If I understand correctly, the federal right to equal protection says that if a state grants a right, it can’t do so in discriminatory fashion.
So its the interplay of the state and federal constitutions that are important here. If the MN state constitution didn’t have a right to vote provision to begin with, the equal protection clause of the federal constitution would not come into play (or at least the burden of proof would be different).
If I have this wrong, please explain.
Randy: The U.S. Supreme Court in Crawford did not treat voting as a fundamental right under the U.S. Constitution. Many state constitutions treat voting as a fundamental right.
Likewise, there are no cases, as yet, that establish that same-sex couples have a fundamental right to marry. If they have never extended the right to marry to same-sex couples, a state is not obligated to do so.
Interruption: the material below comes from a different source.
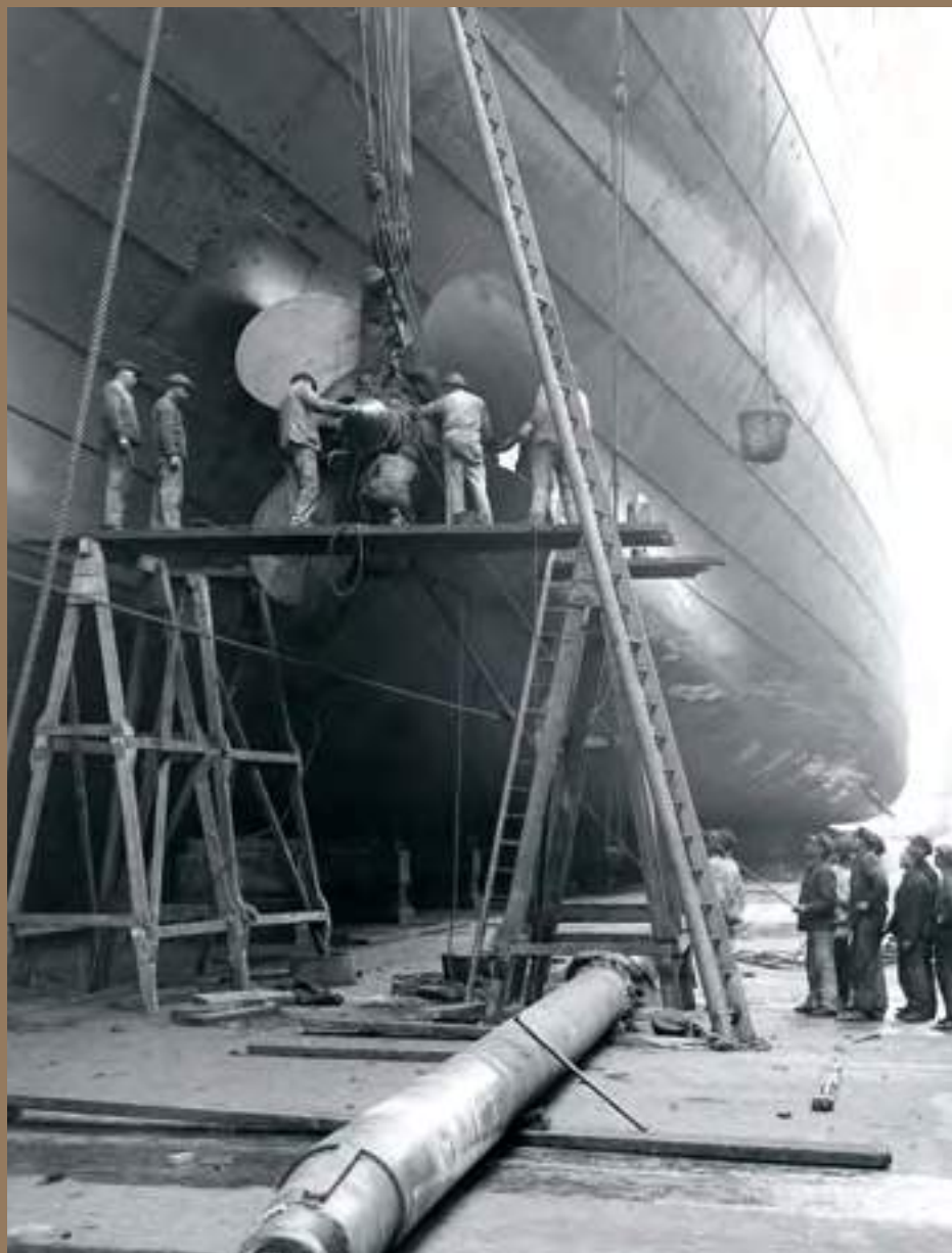
Ouvriers changeant l'arbre à hélice du paquebot Ile-de-France, dans la forme de radoub n°7, port du Havre, Le Havre, 1927. Le Havre, Bibliothèque municipale, Ph PLQ GRD 0011.

What occurred in Perry, however, is that the CA Supreme Court ruled that under The Golden State’s constitution established that same sex couples have a fundamental right to marry. What the 9th Circuit determined was that, once a state extended the fundamental right to marry to same-sex couples, the effort by voters to strip them of that right violated the U.S. Constitution.
What I am suggesting here is that if voting is regarded as a “fundamental right” in MN, then an effort by a majority of voters to strip a minority of voters of that fundamental right would, under the Perry rationale, violate the U.S. Constitution.